An exact copy is the goal: every line from the one containing "정경두 국방부 장관, 이성희" to the end of the material below, pictures excluded.

Source material:

----------

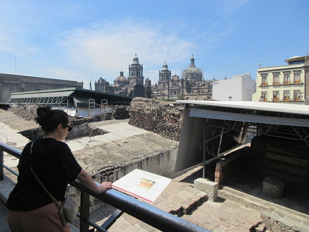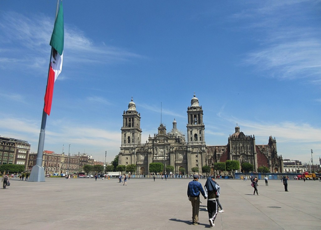 Per our request, our Didi dropped us off at the Templo Mayor, except (per our unfortunate instructions) we were at I think the back of the complex, right on a very very busy street full of shops. I know I wax and wane about the everyday commerce of ancient cities, but Mexico City is an ancient city and people must have been doing their shopping on this very spot for centuries and centuries. This is a thought I shared with my super amazing wife, and she appreciated it for what it was, but did not appreciate it for what it wasn’t, in that it wasn’t me trying to figure out how to get us off this busy city street and to our intended destination. So we walked and saw the backs of more impressive buildings, such as the Palacio Nacional. Our attempts to see the fronts of these buildings were thwarted for quite some time due to all the streets that were closed on account of recent and pending protests, but finally we stumbled out onto the Plaza de la Constitución.
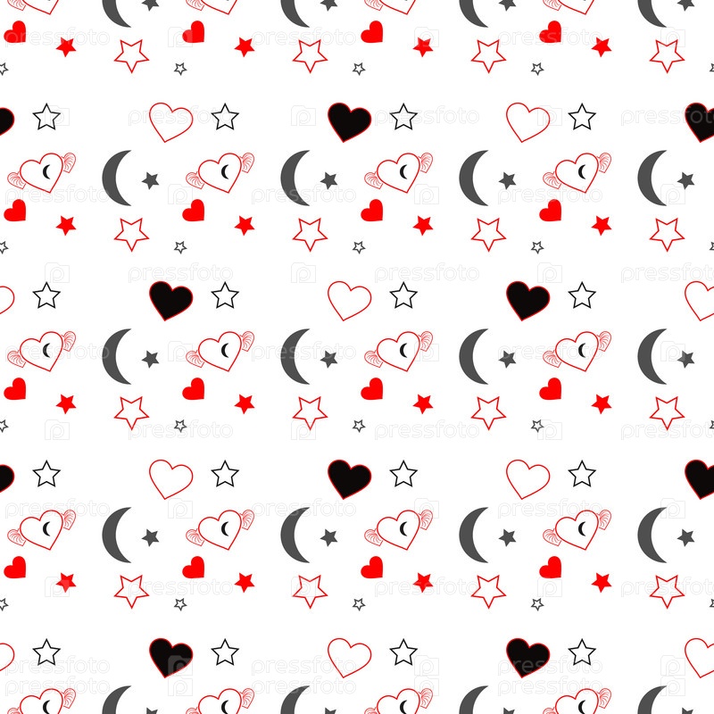 Бесшовный узор с красными сердцами и черными звездами на белом фоне. векторная иллюстрация
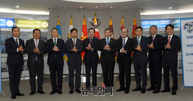 정경두 국방부 장관, 이성희 농협중앙회장 등 참석자들이 19일 오후 서울 용산구 국방부에서 열린 '6.25 전사자 유가족 유전자 시료확보 협력강화를 위한 농협중앙회 회장단 초청 감사패 증정식'에서 '덕분에 챌린지' 포즈를 취하며 기념촬영을 하고 있다.
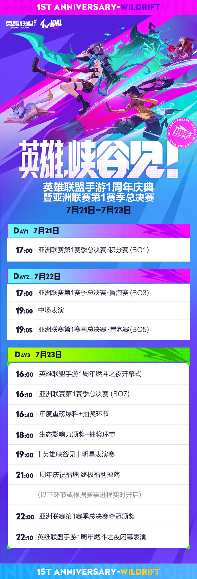 英雄联盟手游1周年#庆典即将拉开帷幕!为大家准备了节目单,其中,亚洲联赛第1赛季总决赛将于7月21日在北京JDG英特尔电子竞技中心打响,于7月23日上演冠亚军角逐7月23日英雄联盟手游1周年燃斗之夜也将在客户端和线下同步开启,新老朋友齐聚明星表演赛、年度趣味颁奖、直播福利抽奖等丰富内容轮番来袭,期待召唤师们的参与和互动!

----------

Answer to this exercise:
 정경두 국방부 장관, 이성희 농협중앙회장 등 참석자들이 19일 오후 서울 용산구 국방부에서 열린 '6.25 전사자 유가족 유전자 시료확보 협력강화를 위한 농협중앙회 회장단 초청 감사패 증정식'에서 '덕분에 챌린지' 포즈를 취하며 기념촬영을 하고 있다.
 英雄联盟手游1周年#庆典即将拉开帷幕!为大家准备了节目单,其中,亚洲联赛第1赛季总决赛将于7月21日在北京JDG英特尔电子竞技中心打响,于7月23日上演冠亚军角逐7月23日英雄联盟手游1周年燃斗之夜也将在客户端和线下同步开启,新老朋友齐聚明星表演赛、年度趣味颁奖、直播福利抽奖等丰富内容轮番来袭,期待召唤师们的参与和互动!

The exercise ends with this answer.